The entries below contain pictures, which are to be left out; write out exactly, and only, the lines from the line with "COVID-19 continues to" up to and including the line with "성곽을 온전히 한 바퀴".

● DATA IN THIS EXERCISE:
============================================================

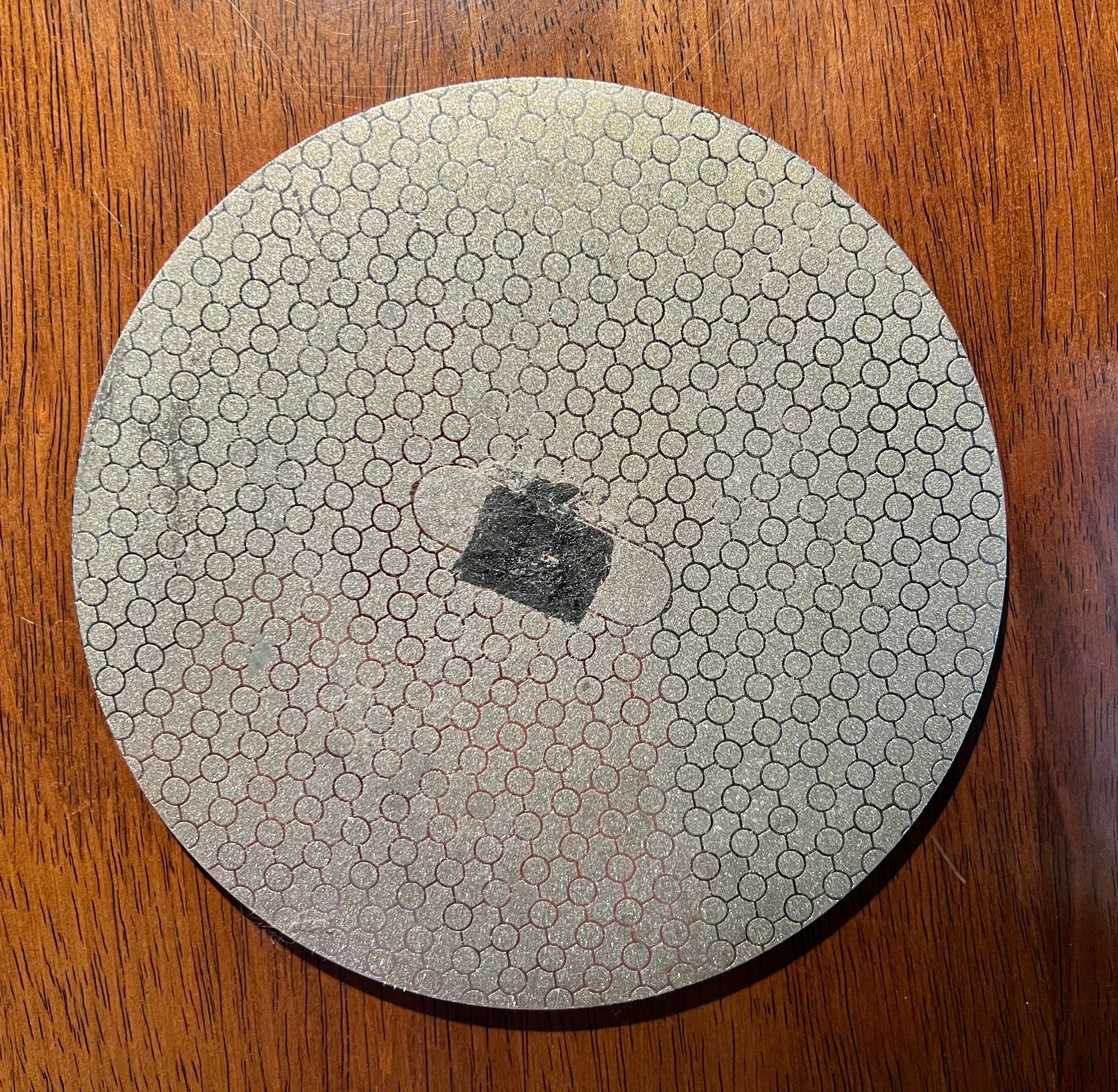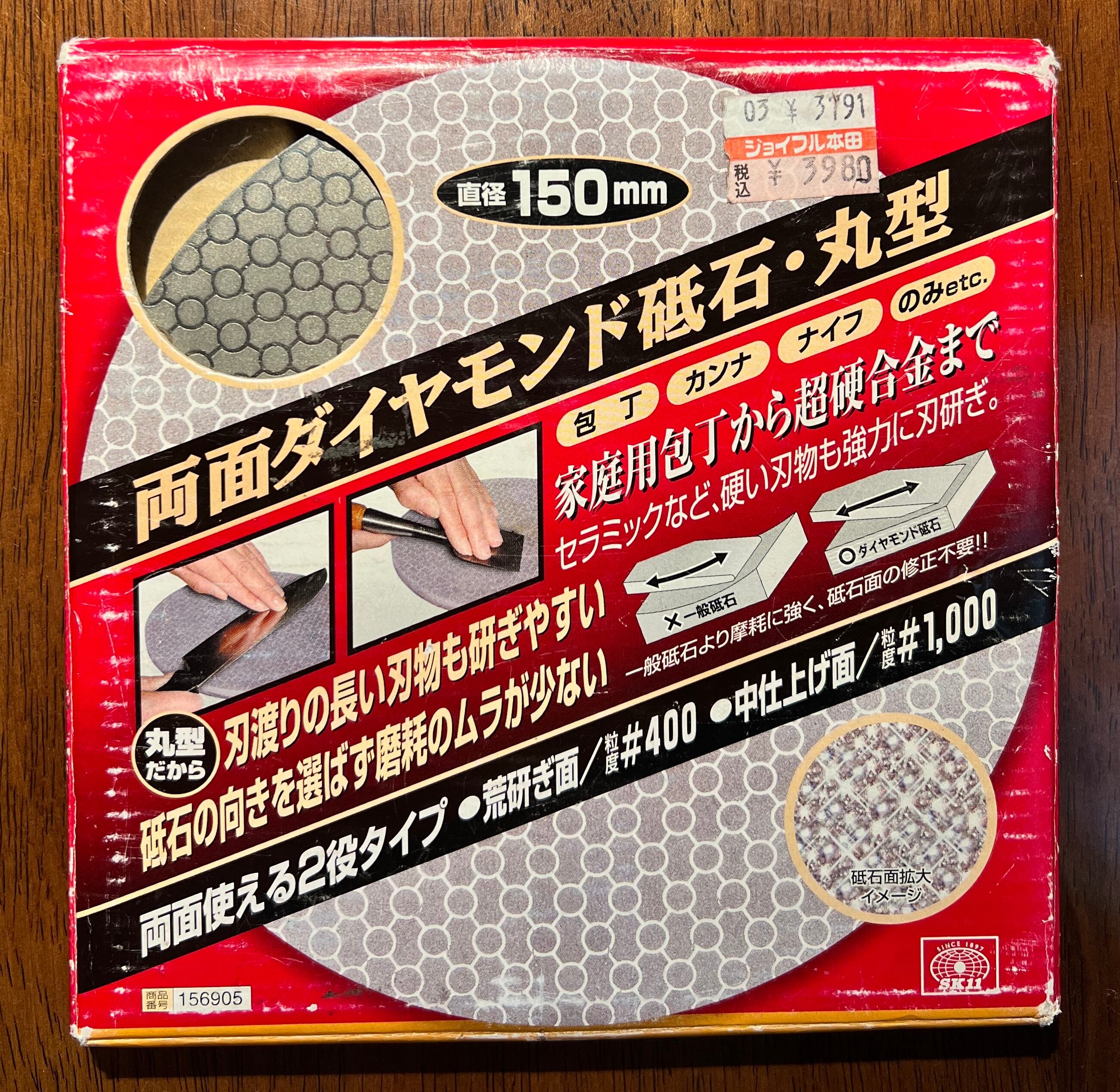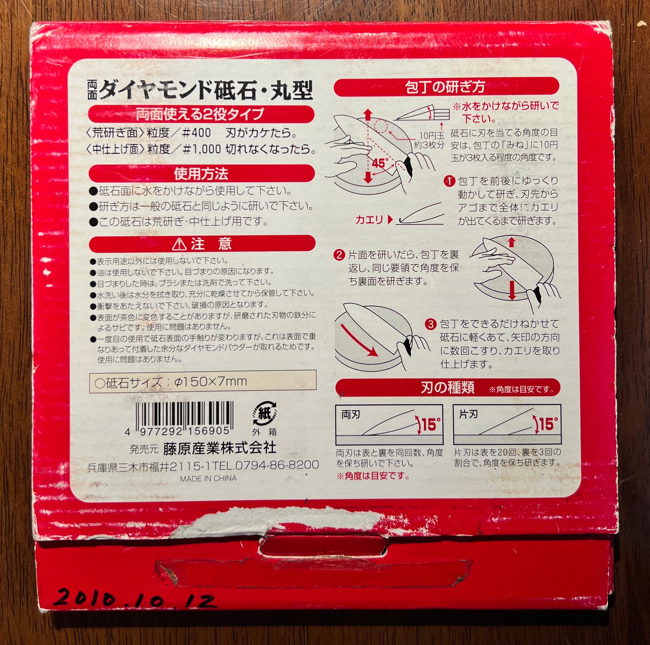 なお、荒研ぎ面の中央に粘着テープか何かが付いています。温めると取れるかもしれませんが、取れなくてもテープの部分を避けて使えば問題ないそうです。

============================================================

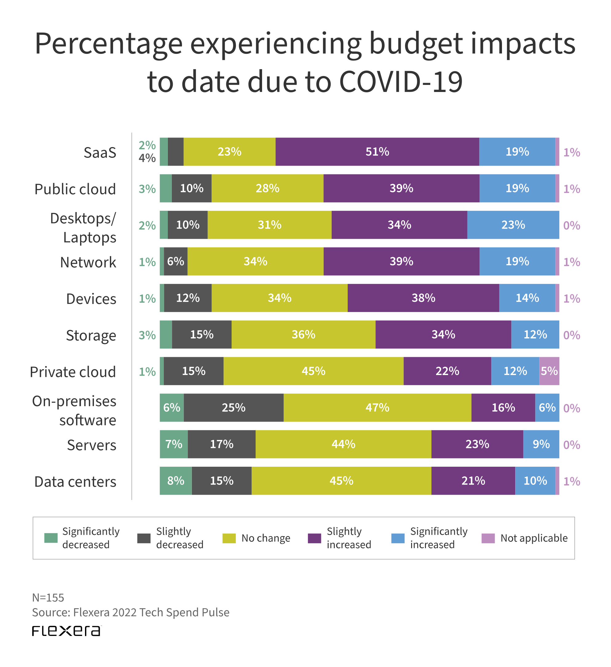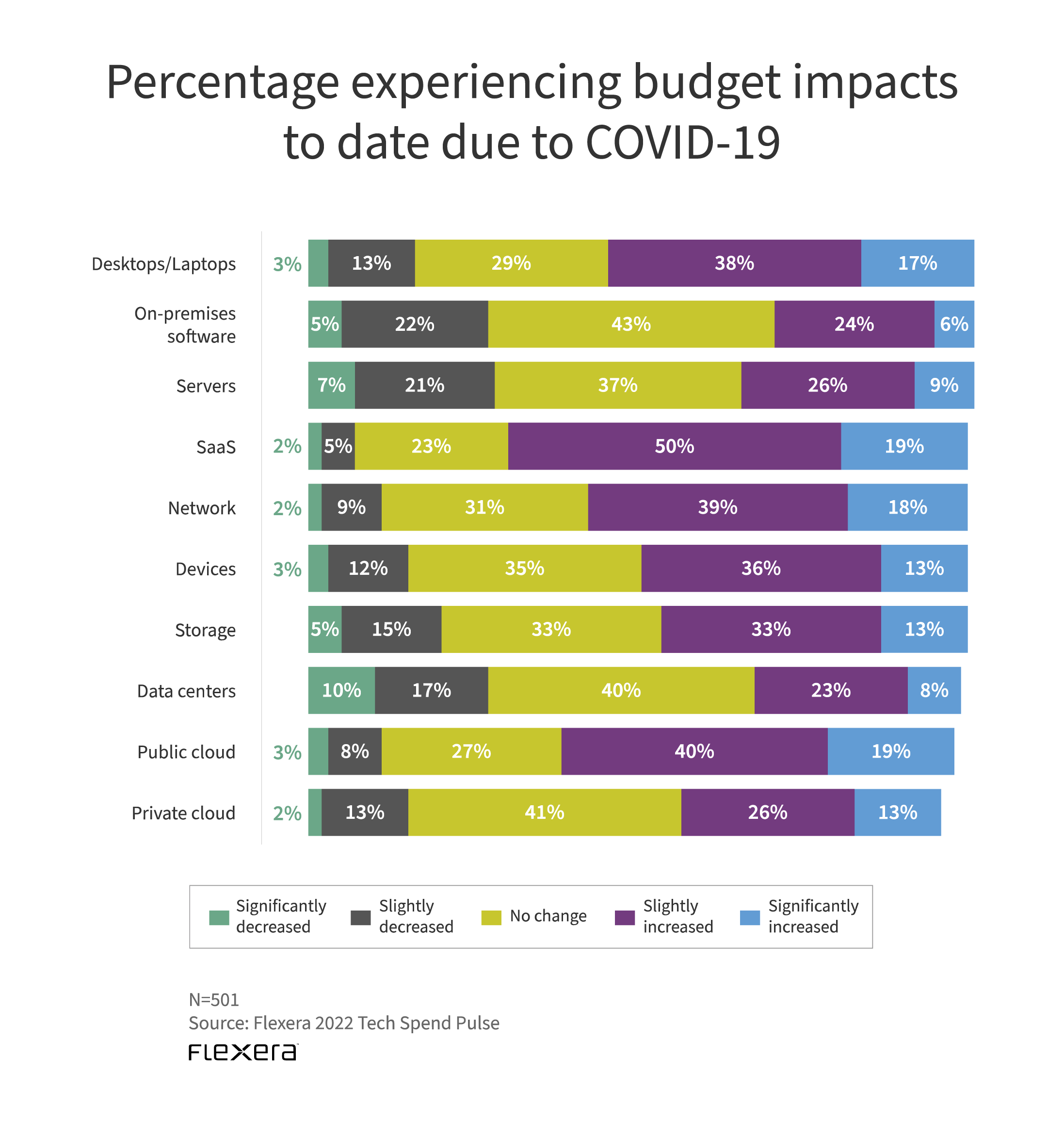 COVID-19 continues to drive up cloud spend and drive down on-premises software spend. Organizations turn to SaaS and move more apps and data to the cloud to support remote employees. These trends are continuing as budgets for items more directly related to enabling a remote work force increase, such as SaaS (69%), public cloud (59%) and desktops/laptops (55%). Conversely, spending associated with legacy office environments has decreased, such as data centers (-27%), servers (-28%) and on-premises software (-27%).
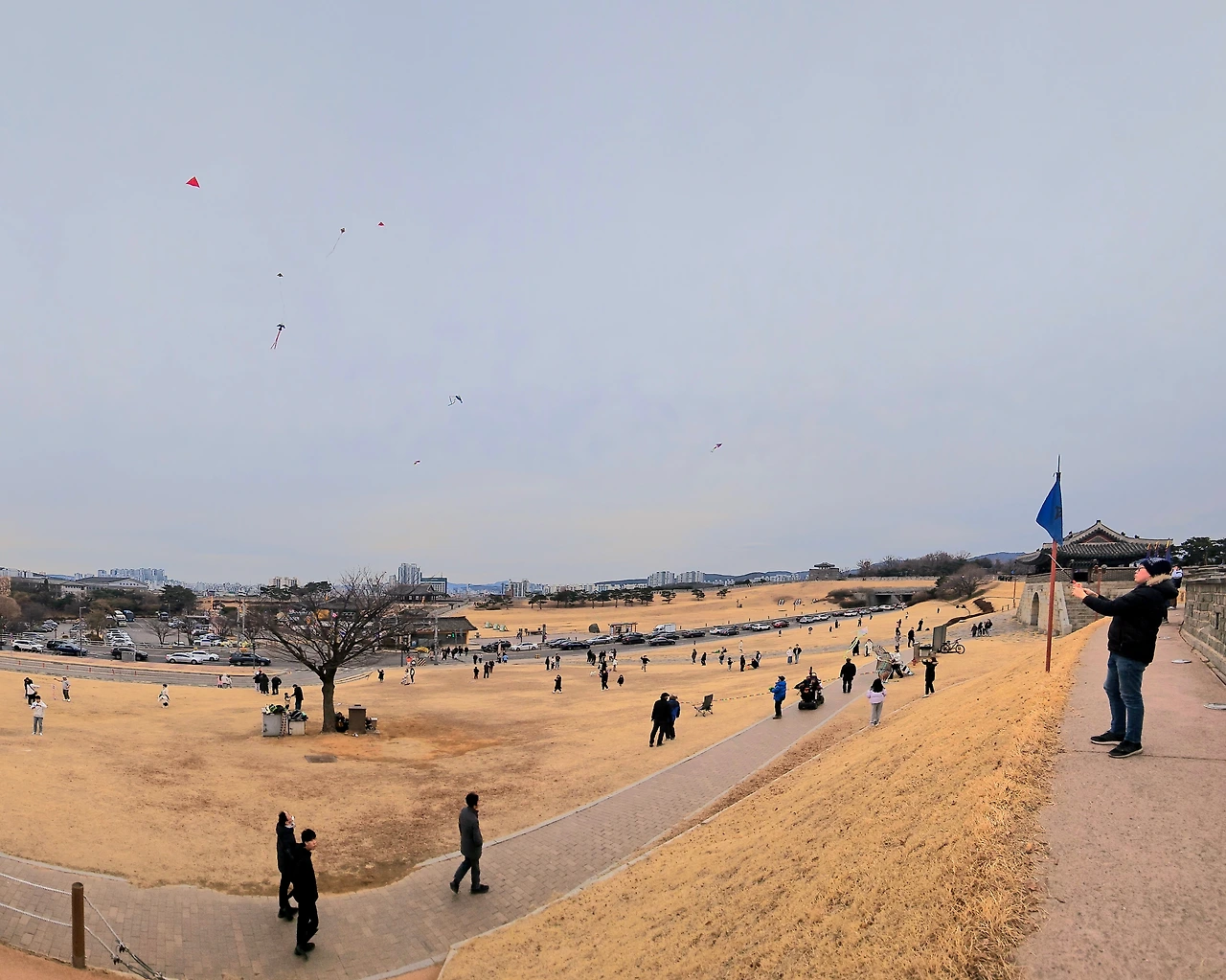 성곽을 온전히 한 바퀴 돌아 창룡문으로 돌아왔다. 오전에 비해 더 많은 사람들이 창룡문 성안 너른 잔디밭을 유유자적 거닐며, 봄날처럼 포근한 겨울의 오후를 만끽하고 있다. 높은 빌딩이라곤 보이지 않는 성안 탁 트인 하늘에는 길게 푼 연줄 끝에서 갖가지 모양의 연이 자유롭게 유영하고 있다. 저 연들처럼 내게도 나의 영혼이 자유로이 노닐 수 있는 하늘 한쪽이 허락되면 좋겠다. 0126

============================================================

● REPLY:
 COVID-19 continues to drive up cloud spend and drive down on-premises software spend. Organizations turn to SaaS and move more apps and data to the cloud to support remote employees. These trends are continuing as budgets for items more directly related to enabling a remote work force increase, such as SaaS (69%), public cloud (59%) and desktops/laptops (55%). Conversely, spending associated with legacy office environments has decreased, such as data centers (-27%), servers (-28%) and on-premises software (-27%).
 성곽을 온전히 한 바퀴 돌아 창룡문으로 돌아왔다. 오전에 비해 더 많은 사람들이 창룡문 성안 너른 잔디밭을 유유자적 거닐며, 봄날처럼 포근한 겨울의 오후를 만끽하고 있다. 높은 빌딩이라곤 보이지 않는 성안 탁 트인 하늘에는 길게 푼 연줄 끝에서 갖가지 모양의 연이 자유롭게 유영하고 있다. 저 연들처럼 내게도 나의 영혼이 자유로이 노닐 수 있는 하늘 한쪽이 허락되면 좋겠다. 0126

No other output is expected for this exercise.